Suspicion et amertume
Les ingénieurs ont fait des propositions pour
éviter cette monoculture industrielle. "Ils sont
prêts à créer, mais on ne leur en donne pas les
moyens. Cela fait plus de dix ans que nous demandons à Alstom de concevoir des nouveaux
produits et d’aller chercher des parts de marché.
C’est une question de vie ou de mort", s’alarme
M. Mäurer, qui est entré chez BBC en 1972
quand 11 000 employés s’activaient sur le site.
Dossier spécial 13/23
La majorité du management intermédiaire est très critique et participe même aux
manifestations. "Ils sont autant concernés
que nous, explique M. Zimmermann. Les directives viennent de Paris, et ils n’ont pas voix
au chapitre." Les chefs d’équipes sont pris
entre le marteau et l’enclume, les managers
n’ont plus le temps de s’occuper du "bien-être
des salariés parce qu’ils sont sous la pression
constante de la direction et des actionnaires",
s'indigne M. Alles. Les actionnaires veulent
faire "toujours plus de profit à court-terme,
c’est pourquoi ils investissent si peu, ajoutet-il. S’il y a des nouvelles machines, c’est
qu’elles ont été commandées depuis plusieurs
années.

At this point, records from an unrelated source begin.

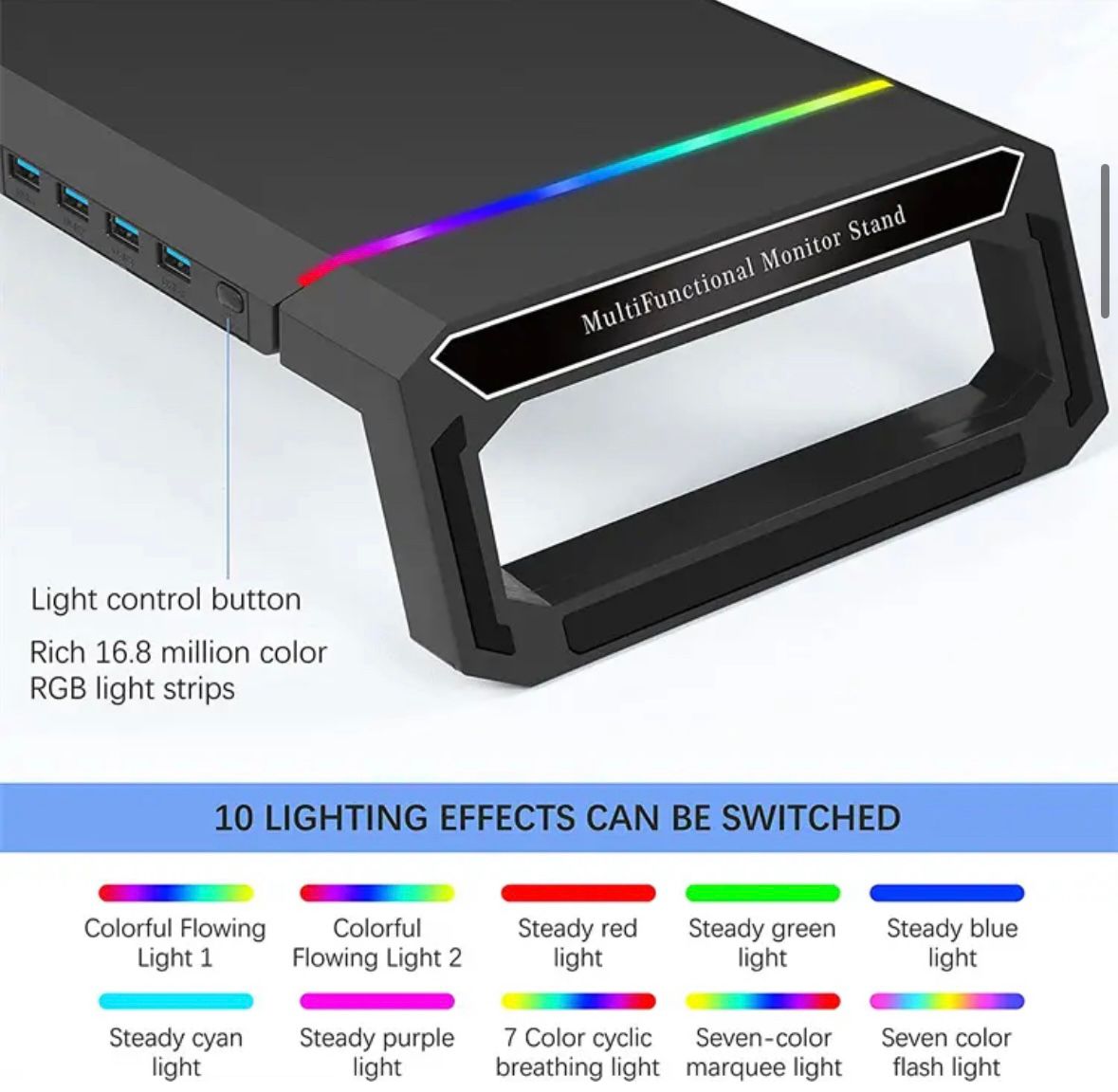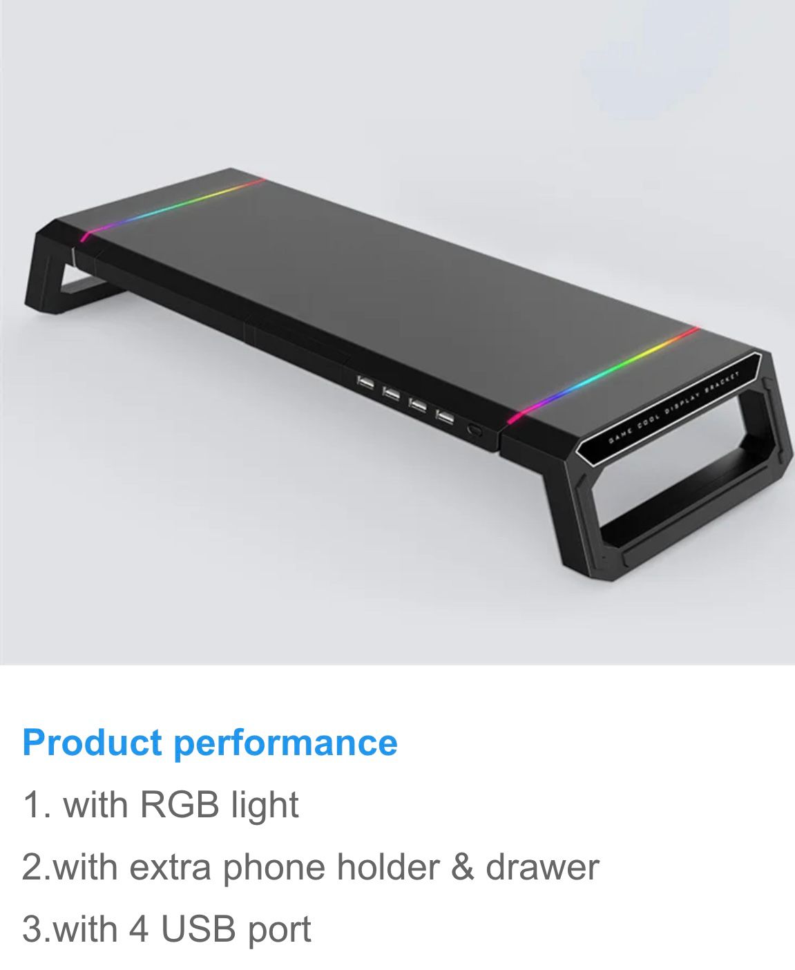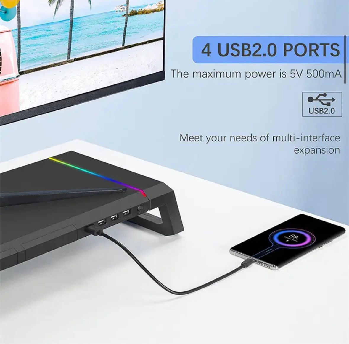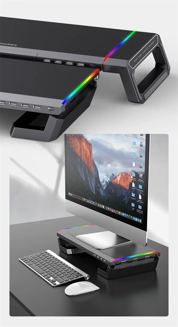 Monitor Table Stand Monitor Stand Riser Computer Screen Monitor Stand Adjustable RGB lights, charger, Phone Holder
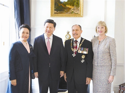 11月20日,国家主席习近平在惠灵顿出席新西兰总督迈特帕里举行的欢迎仪式。这是欢迎仪式后,习近平和夫人彭丽媛同迈特帕里夫妇合影。 新华社记者 李学仁 摄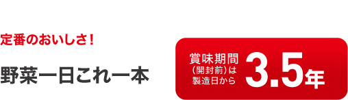 「野菜一日これ一本 長期保存用」は、腐食に強いポリエステルフィルムをコーティングした缶蓋を採用、長期間経過してもおいしく飲めるように野菜を組み合わせることで、5.5年の賞味期間を実現しました。1缶に野菜1日分350g分をぎゅっと濃縮して使用。緑黄色野菜を中心に、30品目の野菜がバランスよく入っています。食塩・砂糖・栄養強化剤不使用。

Ils n’ont aucune vision à long terme".
Pourtant, les marchés ouverts à l’électromécanique de pointe ne manquent pas.
L’arrêt progressif du nucléaire d’ici 2020 en
Allemagne pourrait précipiter la demande
pour compenser les 40 000 MW fournis
jusque-là par les centrales nucléaires, l’équivalent de 60 centrales électriques. Les centrales thermiques de toute l’Europe ont aussi
besoin d’être rénovées.
Le comité d’entreprise craint qu’Alstom investisse au minimum pour provoquer
une fermeture définitive. Les salariés soupçonnent des plans de délocalisation vers le
Mexique, la Chine et l’Inde, en transférant du
même coup les technologies et le savoir-faire.

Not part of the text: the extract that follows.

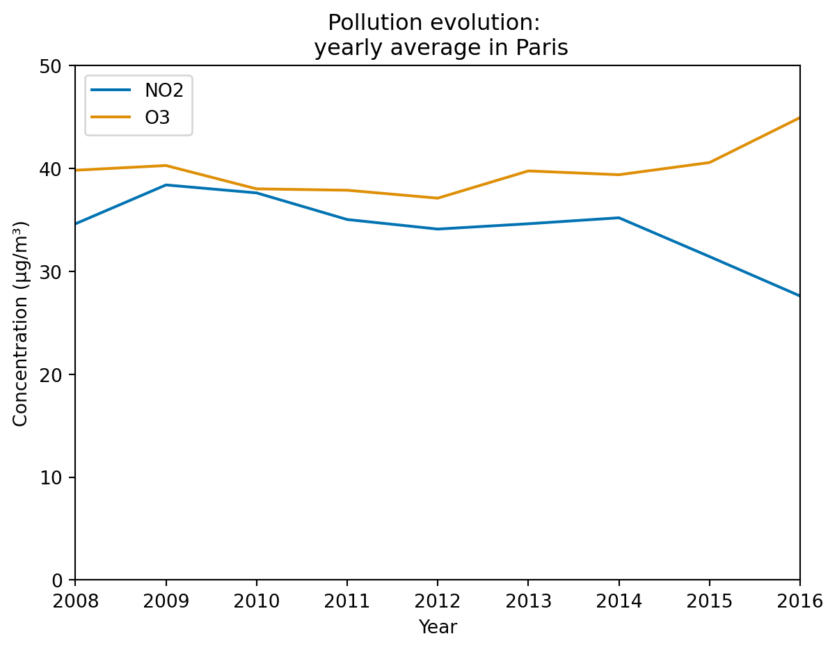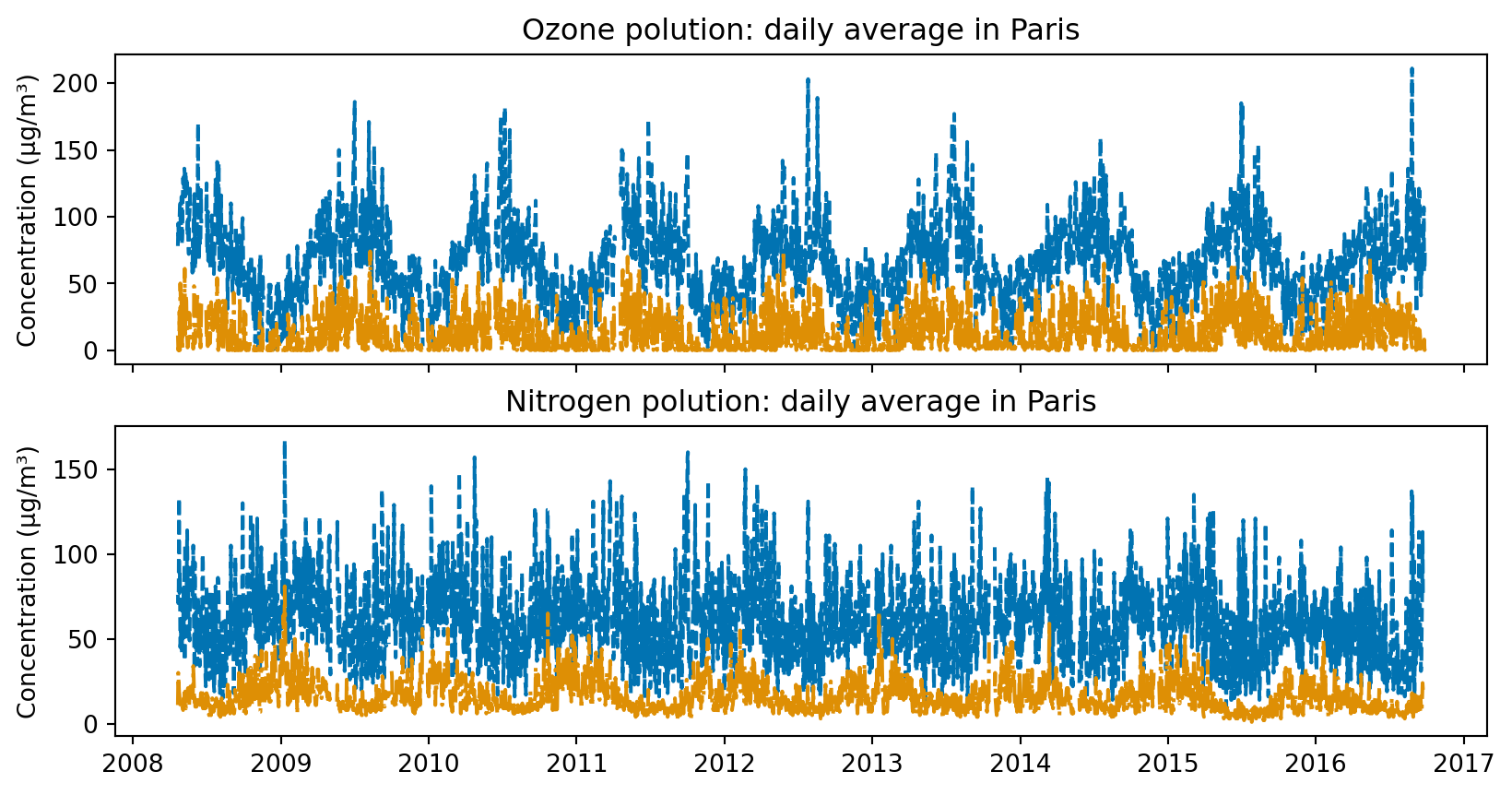 axes[0].set_title("Ozone polution: daily average in Paris")

"Nous sommes très conscients du monde qui
nous entoure, prévient un travailleur. La
newsletter d’Alstom présente le côté officiel,
elle ne cache pas les investissements colossaux en Inde, en Chine et à Chattanooga
(Etats-Unis). Des informations nous viennent des ajusteurs-monteurs qui parcourent
les chantiers dans le monde entier. Ils rencontrent des gens d’Alstom et d’autres entreprises concurrentes. Nous sommes au courant des appels d’offres, des délocalisations et
des fermetures." Pas dupes, donc.
L’amertume est palpable, sans que la résignation règne tout à fait. Mieux, de petites
victoires viennent parfois briser le sentiment
de sursis. Dernièrement, 700 suppressions
d’emploi menaçaient une usine de tramway
d’Alstom Transport à Salzgitter (Basse-Saxe).
Par solidarité, les salariés de Mannheim se
sont mobilisés. Les syndicats ont obtenu des
garanties d’emploi jusqu’en 2016 et l’abandon
du projet de délocalisation vers la Pologne.
Seulement 160 à 250 postes disparaîtront avec
des départs volontaires et en retraite d’ici là.
Nous partons discrètement, laissant
derrière nous, le symbole d’une aventure industrielle qui voulait durer, l’enseigne BBC
gravée dans la pierre sur le porche de l’entrée
historique.
•
Témoignage
"L'entreprise
paresse en attendant
le déluge"
Hans Müller a 35 ans de maison et travaille
comme tourneur dans une unité de production.
J’étais en burn out l’an dernier. À l’époque, j’ai
alerté les représentants du personnel, et je suis
allé voir un psychiatre sans le dire à l’entreprise.
Avec le chômage partiel, la pression est plus
forte et le travail plus intensif. L’an dernier, j’ai
fait 93 jours de chômage partiel et cette année
ce sera le double. On est moins bien payé,
même si l’entreprise verse une compensation.
Je ne peux pas m’absenter deux jours ou partir
un peu en vacances, car Alstom peut m’appeler
à tout instant. S’il faut honorer une commande,
je me présente illico et on fait la pièce le plus
vite possible. On a peur de faire une erreur qui
retarderait la livraison, surtout que les délais
de fabrication ne sont pas tenables, donc la
qualité est mise en jeu. C’est très pénible.
Je suis à la fois épuisé, en colère et un peu résigné quand je vois l’état actuel du marché.
Ça repart pour tout le monde, sauf pour nous.
Avec le chômage partiel, l’entreprise fait plus de
profit, sans traiter les causes de la baisse d’activité en cherchant des nouveaux produits ou de
nouveaux marchés. Elle paresse en attendant le
déluge. C’est malheureux, car j’ai commencé ici
en 1976, et il me reste cinq ans à travailler.